▸ Goal of the exercise
Among the entries below, how many lines contain the string "orhideje"? Only the number is wanted.

▸ Records from a collection

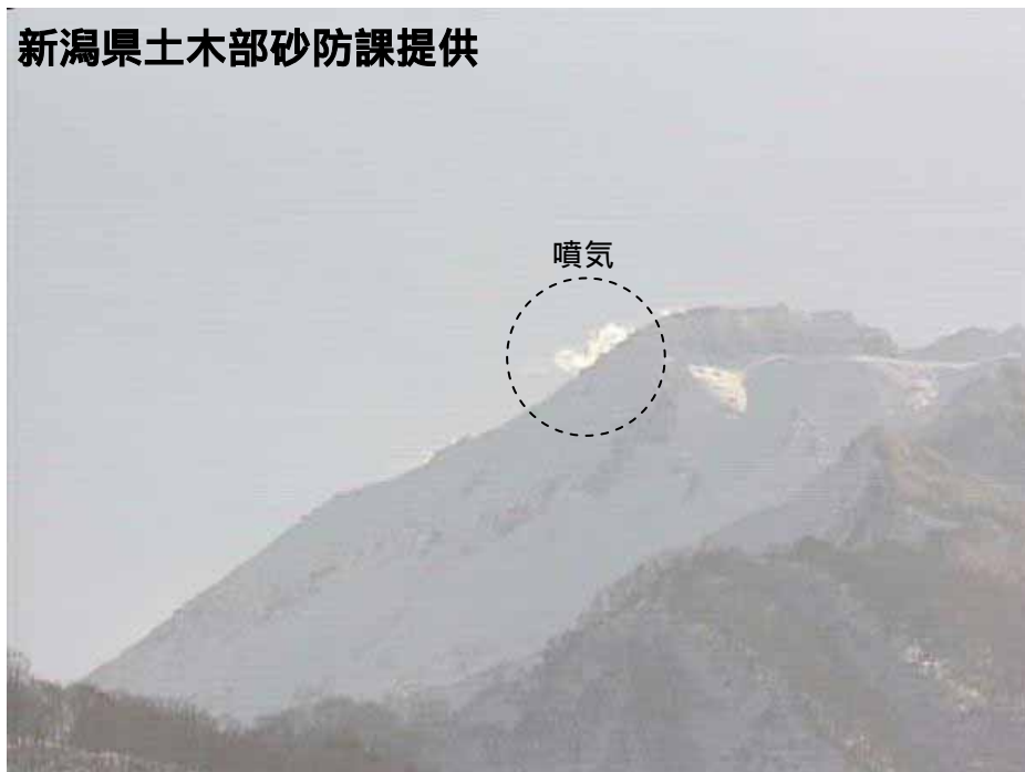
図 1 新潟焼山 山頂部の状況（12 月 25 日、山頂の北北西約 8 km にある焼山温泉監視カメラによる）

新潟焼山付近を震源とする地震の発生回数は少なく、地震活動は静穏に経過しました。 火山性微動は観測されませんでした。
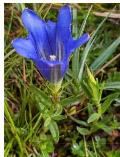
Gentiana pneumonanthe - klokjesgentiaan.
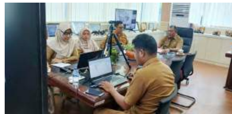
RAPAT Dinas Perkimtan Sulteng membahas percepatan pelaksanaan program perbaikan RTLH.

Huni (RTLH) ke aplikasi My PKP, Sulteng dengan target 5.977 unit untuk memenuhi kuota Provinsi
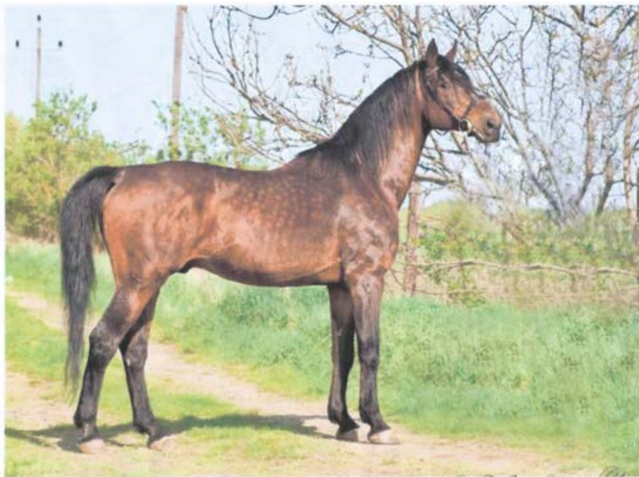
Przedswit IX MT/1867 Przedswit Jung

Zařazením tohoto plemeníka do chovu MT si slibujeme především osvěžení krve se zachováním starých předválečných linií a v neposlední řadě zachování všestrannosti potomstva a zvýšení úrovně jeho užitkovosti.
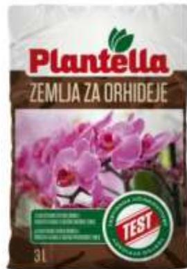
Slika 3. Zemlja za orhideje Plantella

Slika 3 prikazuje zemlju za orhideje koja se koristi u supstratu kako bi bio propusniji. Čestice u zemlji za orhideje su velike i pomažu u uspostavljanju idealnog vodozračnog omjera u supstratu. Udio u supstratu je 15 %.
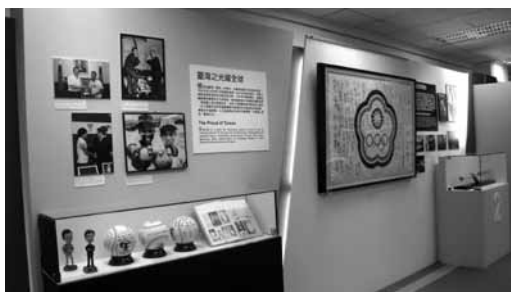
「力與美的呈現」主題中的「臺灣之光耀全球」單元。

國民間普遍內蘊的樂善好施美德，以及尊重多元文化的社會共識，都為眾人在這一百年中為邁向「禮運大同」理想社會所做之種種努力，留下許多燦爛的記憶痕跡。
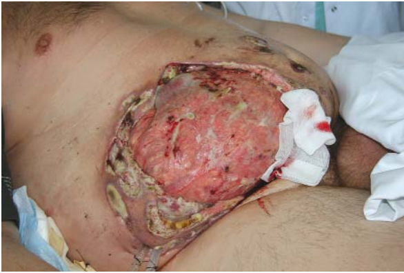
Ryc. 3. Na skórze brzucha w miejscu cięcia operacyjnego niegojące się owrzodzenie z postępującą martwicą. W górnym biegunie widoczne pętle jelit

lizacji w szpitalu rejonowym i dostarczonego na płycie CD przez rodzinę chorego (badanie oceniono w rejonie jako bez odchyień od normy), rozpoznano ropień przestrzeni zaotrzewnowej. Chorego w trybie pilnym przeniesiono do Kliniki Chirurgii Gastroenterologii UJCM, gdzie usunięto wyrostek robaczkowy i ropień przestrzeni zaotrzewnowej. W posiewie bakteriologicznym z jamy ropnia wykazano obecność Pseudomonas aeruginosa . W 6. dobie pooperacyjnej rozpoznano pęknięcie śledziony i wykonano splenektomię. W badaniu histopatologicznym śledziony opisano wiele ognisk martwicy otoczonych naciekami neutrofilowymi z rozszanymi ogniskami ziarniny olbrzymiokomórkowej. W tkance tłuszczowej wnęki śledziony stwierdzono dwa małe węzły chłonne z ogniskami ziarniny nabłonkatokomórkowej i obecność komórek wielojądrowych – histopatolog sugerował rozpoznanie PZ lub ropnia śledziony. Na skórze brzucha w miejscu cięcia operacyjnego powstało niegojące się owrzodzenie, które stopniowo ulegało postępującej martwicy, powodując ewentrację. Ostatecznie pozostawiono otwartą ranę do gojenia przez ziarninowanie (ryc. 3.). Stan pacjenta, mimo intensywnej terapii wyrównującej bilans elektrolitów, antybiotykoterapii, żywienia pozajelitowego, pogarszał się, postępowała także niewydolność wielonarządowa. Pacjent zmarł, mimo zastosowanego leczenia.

▸ Result of this exercise
2